COMP 422 Parallel Computing Spring 2008 Assignment 3 Complete by 5pm Wednesday, April 2, 2008

## Iterative Averaging of a One-Dimensional Array

The goal of this assignment is to solve a One-Dimensional Iterative Averaging problem by developing a scalable message passing implementation using MPI. You can write your program in C+MPI or Fortran+MPI. You should use point-to-point and collective communications in MPI as appropriate.

Your program should take the following three inputs on the command line:

1. Input size, N, of type long.
2. Convergence threshold, epsilon, of type double.
3. Number of processors, P, of type int.

Given an input size, N, a solution to this iterative averaging problem must perform the following steps:

1. Allocate a (logically) global array of doubles, A, of size N+2 partitioned across the P processors. You may also allocate a second shadow array for A, if needed.
2. Initialize A[0] := 0 and A[N+1] := N+1.
3. In each iteration, replace A[i] by the average of its neighbors, i.e., A[i] := (A[i-1] + A[i+1])/2 for all 1 <= i <= N. This computation will entail communication of boundary elements on each processor.
4. Repeat the previous step until the absolute difference between two successive values of A[i] is <= epsilon, for all 1 <= i <= N. We will use delta(i) to denote this absolute difference.
5. Print the following values as output:
• Average and maximum values of delta(i) for 1 <= i <= N.
• Number of iterations
• Sum of final values of A[1...N], which should be close to N*(N+1)/2.

You goal is to write a program that exhibits the best sequential and parallel performance for this problem. An incomplete description of a C+MPI implementation for this problem can be found in Figure 1 of the paper, The high-level parallel language ZPL improves productivity and performance, by Bradford L. Chamberlain, Sung-Eun Choi, Steven J. Deitz, and Lawrence Snyder, published in the Proceedings of the IEEE International Workshop on Productivity and Performance in High-End Computing (P-PHEC), 2004. You are welcome to use an alternate implementation approach, if you prefer.

You will run your MPI program on Ada and measure its performance and scalability. Run your program on 1-64 processors of Ada, only on numbers of processors that are powers of 2. Your program should measure the elapsed time of the iterative part of the program (steps 3 and 4 above), which excludes initialization and final output. Feel free to use values of N and epsilon that yield favorable performance results for your program, but be sure to document your choices in your write-up -- we will perform tests with additional values.

Write a document that describes how your program works. This document should not include your programs, though it may include figures containing pseudo-code that sketch the key elements of your parallelization strategy for each implementation. Explain how your program partitions the data, work, and exploits parallelism. If your program uses collective communication, explain how; if not, explain why not. Your writeup should include a table with timing measurements for your solver on on 1-64 processors for numbers of processors that are powers of 2. Plot the parallel efficiency of your program executions. The x axis should show the number of processors. The Y axis should show your measured parallel efficiency for the execution.

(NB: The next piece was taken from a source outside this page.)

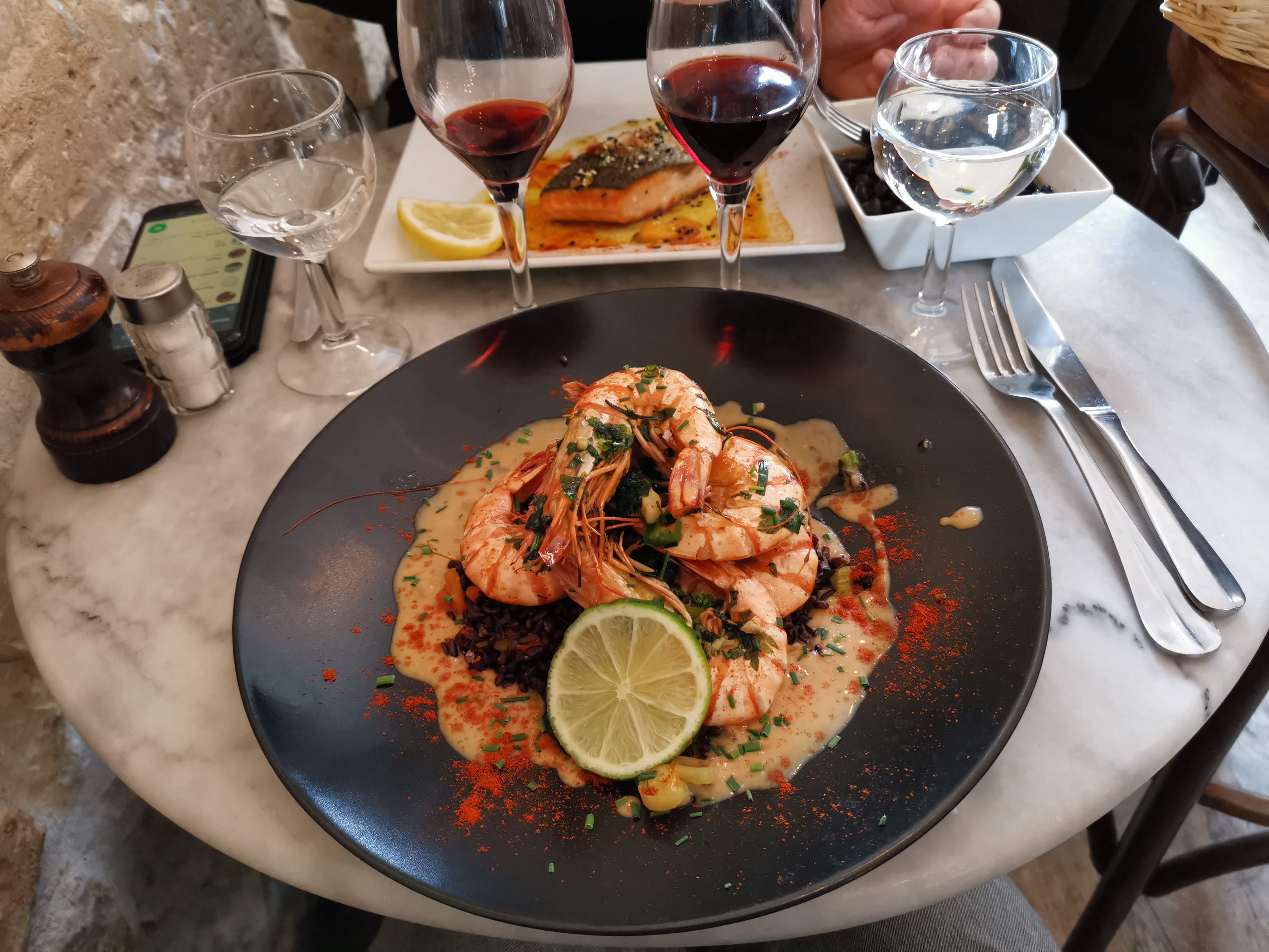 Leurs audaces culinaires (thon avec sauce au bœuf, gambas-riz noir au pastis) ne nous ont pas convaincus. On paye surtout le cadre.

NOTE: Parallel efficiency is computed as S/(p * T(p)), where S represents the wall clock time of a sequential execution of your program, p is a number of processors and T(p) is the wall clock time of an execution on p processors. Don't make the mistake of using the execution time of a one thread version of your parallel implementation as the time of a sequential execution. The execution time of the one-thread parallel implementation is typically larger than that of the original sequential implementation. When you compute parallel efficiency, always use the performance of the original sequential code as a baseline; otherwise, you will overestimate the value of your parallelization.

## Using MPI on the Ada

General information about MPI and links to online documentation can be found on the COMP 422 Resources Page. For helpful details explaining how to develop and debug your programs, see http://rcsg.rice.edu/ada/FAQ. This FAQ contains information about how to compile, run, and submit your job to the batch queueing system and the TotalView debugger.

The queue status can be checked by running the qstat command on Ada.

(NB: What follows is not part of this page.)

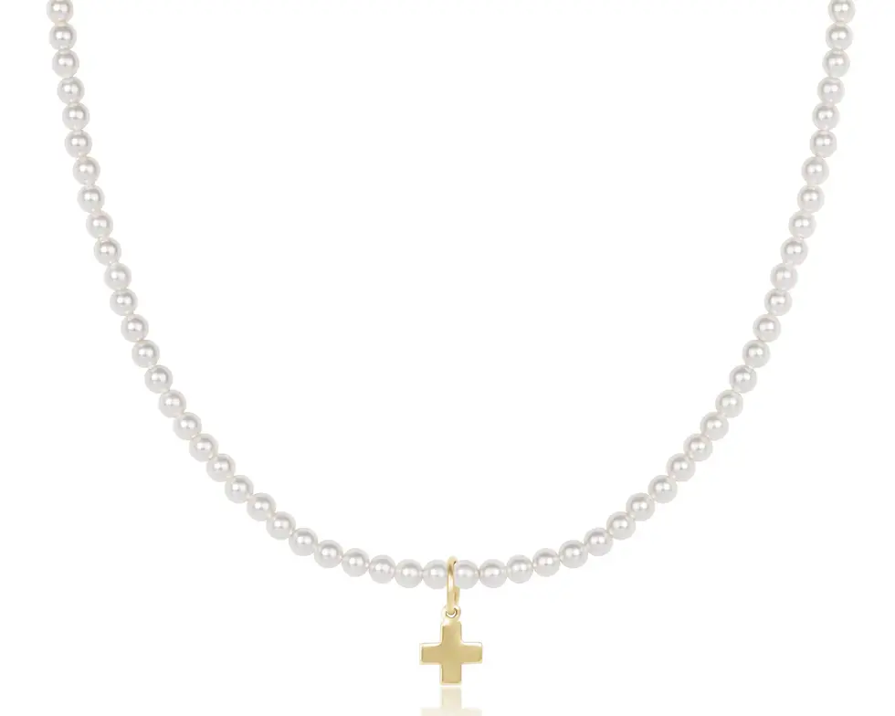 Choker Classic Pearl 3mm Bead - Signature Cross Gold Charm

You can write and compile your program on one of the master nodes (the node you log into when you say `ssh ada.rice.edu`). To run a parallel program, you need to use one of the batch queues. You can obtain an interactive session for debugging your program by requesting an interactive session in the "interactive" queue using ```qsub -I -q interactive```. You need to specify the number of processor nodes that you want, e.g. using `-l nodes=4`. If you don't specify how much time you want in the interactive queue, your session will be killed after 30 minutes. The upper time limit for the interactive queue is 3 hours. See "man qsub" for details on how to specify the wall clock time for your request.

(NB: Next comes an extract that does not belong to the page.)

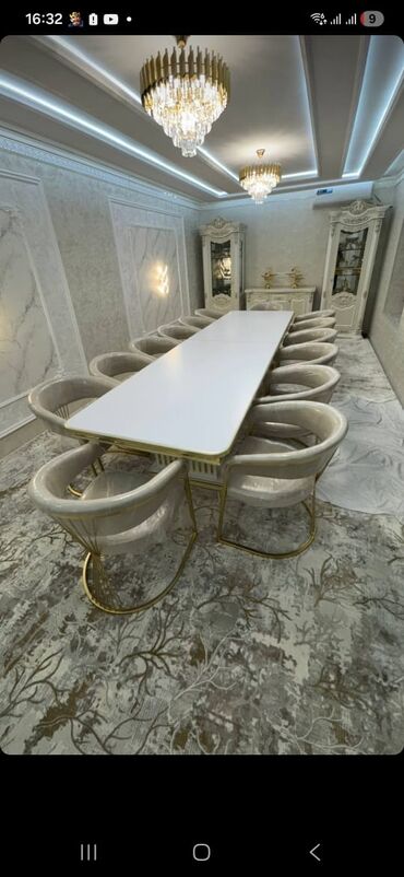 Столовый гарнитур в современном неоклассическом стиле: большой прямоугольный стол и комплект кресел.

We recommend using queue "interactive" for development on 1 or 2 nodes and then submitting timing experiments to the "short" queue. Specifying a realistic bound for the running time of your application when you submit to the "short" queue will accelerate your progress through the queue. The more time you ask for, the longer you will probably wait in the queue. However, if you don't ask for enough, your job may be killed before it completes if your execution time exceeds the amount you requested. Ask for enough, but not too much.